(Provided data begins)

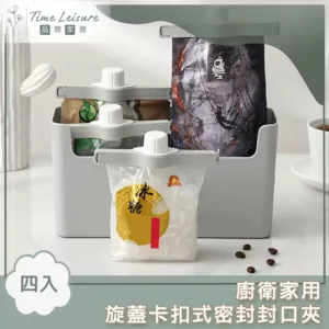 【Time Leisure 品閒】廚衛家用 旋蓋卡扣式密封保鮮防潮封口夾 四入
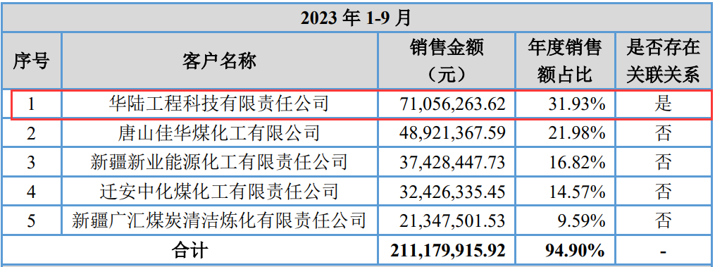 值得注意的是,2023年前三季度,公司第一大客户华陆工程科技有限责任公司(以下简称华陆公司)与其存在关联关系。华陆公司直接持有今大禹13.51%的股份。华陆公司为今大禹新开拓客户,2023年开始确认收入。2023年前三季度,今大禹来自华陆公司应收账款为4,480.00万元,占公司应收账款期末余额比例25.87%,占当期两者收入比例63.05%。公司开拓华陆公司不足一年,华陆公司就位列第一大客户位置,而且超过六成为应收账款。若算上公司与华陆公司1,520.00万元的合同资产,公司对其应收款项高达6,000.00,占当年两者业务额的84.44%。今大禹与华陆公司之间的业务真实性有待确认。
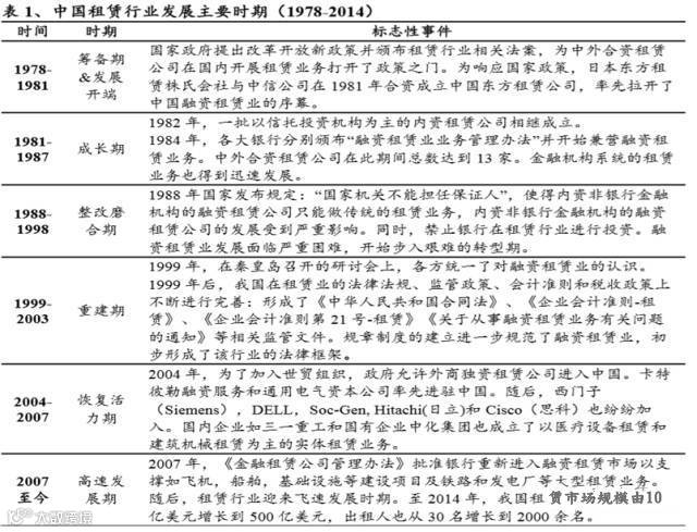 尽管国内租赁行业的发展最早可以追溯至20世纪80年代,但行业真正起步却晚至2005年,快速发展的第一阶段主要是2008-2010年间,中国由于监管和法律的放开(金融租赁准入),一枝独秀逆势高速增长,在2009年跻身全球前四大租赁业务国家行列。
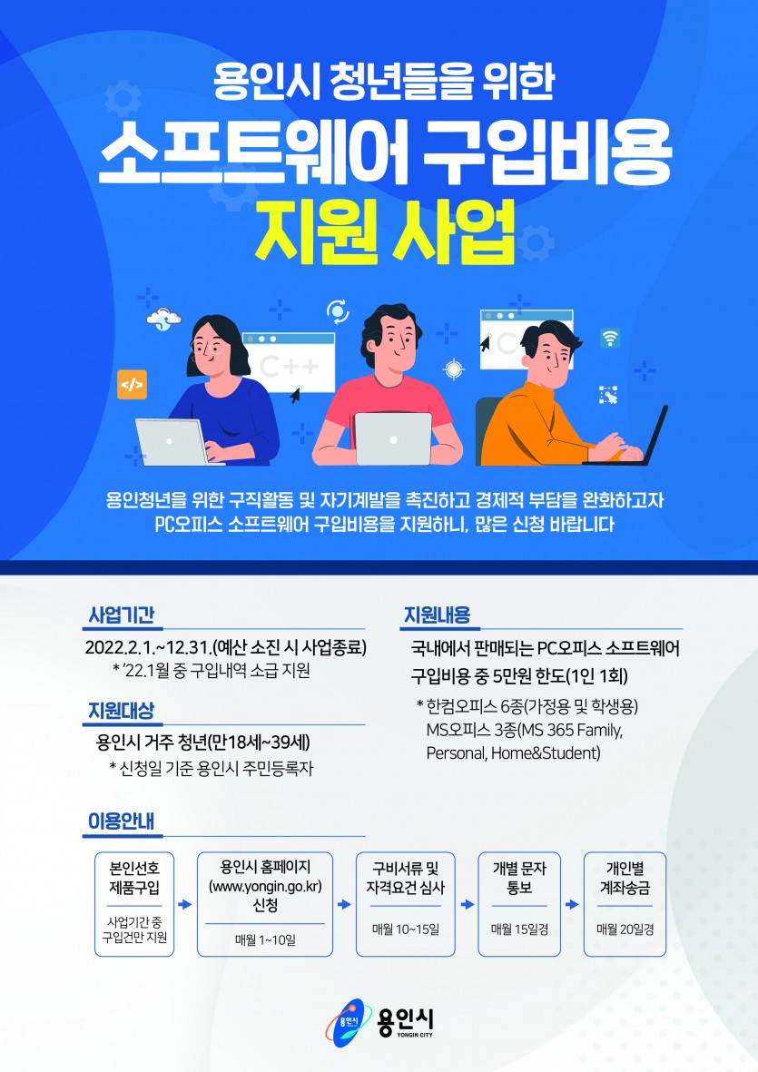 전국 최초 관내 청년에 소프트웨어 구입 비용 지원 용인시, 내년 2월1일부터 신청…가정용 오피스 프로그램 구입비 5만원 김경순 기자 2021-12-23 09:48 가 본문내용 확대/축소 본문 전국 최초 관내 청년에 소프트웨어 구입 비용 지원 용인시가 관내 청년들의 경제적 부담을 덜어주기 위해 전국 지자체 최초로 소프트웨어 구입 비용을 지원한다. 시는 내년부터 시에 주소를 둔 만18세 이상 39세 이하의 청년들에게 가정용 오피스 프로그램(한컴오피스, MS 오피스 퍼스널) 구입 비용의 일부를 지원하기로 했다고 23일 밝혔다. 취업준비생을 비롯한 사회초년생들의 경제적 부담을 완화해 자기 계발과 안정적인 구직활동을 돕고, 정품 소프트웨어 사용을 권장하기 위한 지원이다. 대부분의 대학이 소프트웨어 기업들과 협약을 맺고 재학생에게 할인 혜택을 제공하거나 프로그램을 무료로 사용할 수 있도록 지원하지만, 청년들은 졸업 이후 직접 라이센스를 구입해야 한다. 가정용 오피스 프로그램 구입 비용은 회사와 사용기간에 따라 최저 6만원에서 18만원에 달해 많은 청년들이 부담을 느끼고 있다. 이에 시는 관내 청년 1000명을 대상으로 국내에서 판매되는 가정용 오피스 프로그램을 직접 구입해 영수증을 제출하면 현금 5만원을 지원하기로 했다. 신청은 내년 2월 1일부터 시 홈페이지를 통해 온라인으로 할 수 있다. 1월에 구입한 건도 소급해 지원한다. 신청 시 주민등록초본과 구입 영수증(2022년 1월 1일 이후 구입분)과 소프트웨어 제조사 홈페이지 내 제품 등록 화면 캡처본 등을 제출하면 된다. 시 관계자는 “많은 청년들이 정품 소프트웨어 구입에 경제적 부담을 느끼고 있어 구입비 일부를 지원하게 됐다”며 “관내 청년들이 안정적으로 자기 계발을 하고 구직활동을 하는 데 보탬이 되길 바란다”고 말했다. 좋아요 0 싫어요 0 김경순 기자 기자의 다른기사 보기 목록 댓글목록 이전글 용인시, 2022년 경기도종합체육대회 홈페이지 개설 21.12.23 다음글 용인시, 4년 연속 잔류농약 분석 능력 세계적 수준 입증 21.12.23
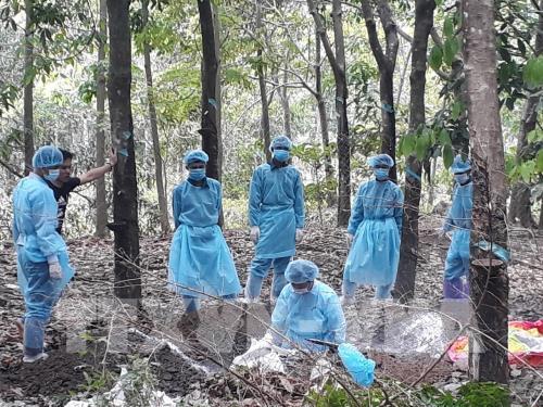 Cán bộ thú y chôn lấp lợn bệnh, phun thuốc khử trùng khu vực dịch.

(Provided data ends)

Directions for this task: This task calls for the records to be copied exactly, without pictures.

Exercise answer:
 【Time Leisure 品閒】廚衛家用 旋蓋卡扣式密封保鮮防潮封口夾 四入
 值得注意的是,2023年前三季度,公司第一大客户华陆工程科技有限责任公司(以下简称华陆公司)与其存在关联关系。华陆公司直接持有今大禹13.51%的股份。华陆公司为今大禹新开拓客户,2023年开始确认收入。2023年前三季度,今大禹来自华陆公司应收账款为4,480.00万元,占公司应收账款期末余额比例25.87%,占当期两者收入比例63.05%。公司开拓华陆公司不足一年,华陆公司就位列第一大客户位置,而且超过六成为应收账款。若算上公司与华陆公司1,520.00万元的合同资产,公司对其应收款项高达6,000.00,占当年两者业务额的84.44%。今大禹与华陆公司之间的业务真实性有待确认。
 尽管国内租赁行业的发展最早可以追溯至20世纪80年代,但行业真正起步却晚至2005年,快速发展的第一阶段主要是2008-2010年间,中国由于监管和法律的放开(金融租赁准入),一枝独秀逆势高速增长,在2009年跻身全球前四大租赁业务国家行列。
 전국 최초 관내 청년에 소프트웨어 구입 비용 지원 용인시, 내년 2월1일부터 신청…가정용 오피스 프로그램 구입비 5만원 김경순 기자 2021-12-23 09:48 가 본문내용 확대/축소 본문 전국 최초 관내 청년에 소프트웨어 구입 비용 지원 용인시가 관내 청년들의 경제적 부담을 덜어주기 위해 전국 지자체 최초로 소프트웨어 구입 비용을 지원한다. 시는 내년부터 시에 주소를 둔 만18세 이상 39세 이하의 청년들에게 가정용 오피스 프로그램(한컴오피스, MS 오피스 퍼스널) 구입 비용의 일부를 지원하기로 했다고 23일 밝혔다. 취업준비생을 비롯한 사회초년생들의 경제적 부담을 완화해 자기 계발과 안정적인 구직활동을 돕고, 정품 소프트웨어 사용을 권장하기 위한 지원이다. 대부분의 대학이 소프트웨어 기업들과 협약을 맺고 재학생에게 할인 혜택을 제공하거나 프로그램을 무료로 사용할 수 있도록 지원하지만, 청년들은 졸업 이후 직접 라이센스를 구입해야 한다. 가정용 오피스 프로그램 구입 비용은 회사와 사용기간에 따라 최저 6만원에서 18만원에 달해 많은 청년들이 부담을 느끼고 있다. 이에 시는 관내 청년 1000명을 대상으로 국내에서 판매되는 가정용 오피스 프로그램을 직접 구입해 영수증을 제출하면 현금 5만원을 지원하기로 했다. 신청은 내년 2월 1일부터 시 홈페이지를 통해 온라인으로 할 수 있다. 1월에 구입한 건도 소급해 지원한다. 신청 시 주민등록초본과 구입 영수증(2022년 1월 1일 이후 구입분)과 소프트웨어 제조사 홈페이지 내 제품 등록 화면 캡처본 등을 제출하면 된다. 시 관계자는 “많은 청년들이 정품 소프트웨어 구입에 경제적 부담을 느끼고 있어 구입비 일부를 지원하게 됐다”며 “관내 청년들이 안정적으로 자기 계발을 하고 구직활동을 하는 데 보탬이 되길 바란다”고 말했다. 좋아요 0 싫어요 0 김경순 기자 기자의 다른기사 보기 목록 댓글목록 이전글 용인시, 2022년 경기도종합체육대회 홈페이지 개설 21.12.23 다음글 용인시, 4년 연속 잔류농약 분석 능력 세계적 수준 입증 21.12.23
 Cán bộ thú y chôn lấp lợn bệnh, phun thuốc khử trùng khu vực dịch.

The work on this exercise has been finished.